Trusting the Skills You Didn't Write
The first two posts assumed you wrote the software. You didn’t. The brain is a foundation model you didn’t train; the skills come from a marketplace anyone can publish to. The ecosystem is your strongest advantage and your largest attack surface, at the same time.
Series: The Engineering of AI Governance, Post 8 Continues from Proof of Outcome and Trust at Fleet Scale. Final post of the trust trilogy. Interactive: three widgets. The capability explorer is the one to push on. Status: this extends AgenTrust’s existing primitives (manifest, cMCP, TRACE); the specific mechanisms proposed here are design proposals for discussion, not shipped features.
Posts 6 and 7 quietly assumed something convenient: that you wrote the software running on your robot. You almost certainly didn’t. A full-stack humanoid builder runs a foundation model it didn’t train, its robot is powered by NVIDIA’s GR00T, and on top of that, the skills come from a marketplace where third parties publish, share, and monetize robot capabilities. The marketplace is the business model. It is also the largest attack surface in the entire system.
So the question this post answers is the uncomfortable one underneath every robot app store: how do you let code you didn’t write run on a machine that can hurt someone, without trusting whoever wrote it?
The supply chain of a robot’s mind
A robot’s behaviour is not one artifact. It’s a stack of them, each from a different author: a foundation model, a domain fine-tune, first-party skills, and third-party skills from the marketplace. Every link in that stack is a trust decision, and today most of them are taken on faith.
The discipline is the same one software supply chains learned the hard way: provenance. A signed manifest per artifact, SLSA provenance on the model and its fine-tunes, a model bill-of-materials so you know what went into the brain. An artifact without provenance isn’t “probably fine”, it’s unaccountable, and on a safety-critical robot that means blocked.
Inspect the stack and see where trust actually comes from:
Try this: click each link to see its signer and provenance level, then toggle “require signed provenance” off.

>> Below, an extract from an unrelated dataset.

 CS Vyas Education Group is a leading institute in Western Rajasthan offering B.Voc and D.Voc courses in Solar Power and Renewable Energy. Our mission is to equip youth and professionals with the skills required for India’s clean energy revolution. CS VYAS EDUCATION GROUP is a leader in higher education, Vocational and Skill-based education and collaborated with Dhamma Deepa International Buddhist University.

The unsigned promo skill, which was blocked, is suddenly admitted, that toggle is the difference between a supply chain and a hope.

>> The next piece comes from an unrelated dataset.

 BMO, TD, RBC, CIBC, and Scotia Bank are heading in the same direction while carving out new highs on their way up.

Notice the foundation model sits at the root. You didn’t train GR00T, so you cannot audit its weights line by line, but you can require it to arrive signed, with provenance, from an identifiable party, and pin exactly which version you run. Trust you can’t derive from inspection, you derive from provenance and identity instead.
Default-deny at the skill boundary
Provenance tells you where a skill came from. It says nothing about what the skill may do once it runs. That is a separate control, and it is the most important one on this page: every skill is scoped to exactly what its signed manifest declares, and anything undeclared fails structurally, the Cedar default-deny posture from Post 4, applied at the marketplace boundary.
The consequence is the property you want to be able to say out loud to a regulator: a weather-display skill cannot command an actuator. Not “shouldn’t,” not “is unlikely to”, cannot, because moving the arm was never in its manifest, and you cannot grant a capability that the signed manifest doesn’t contain.
Push on it:
Try this: select the weather skill, then attempt “move arm” or “actuate gripper.” Both are denied, not by a rule someone remembered to write, but structurally, because they aren’t in the skill’s signed manifest. Switch to the arm-handoff skill and the same calls go through. Capability follows declaration.
This is what turns a marketplace from a liability into something operable. The blast radius of a malicious skill is bounded before it runs by what it was allowed to declare, and actuator capabilities are exactly the declarations a marketplace reviews hardest.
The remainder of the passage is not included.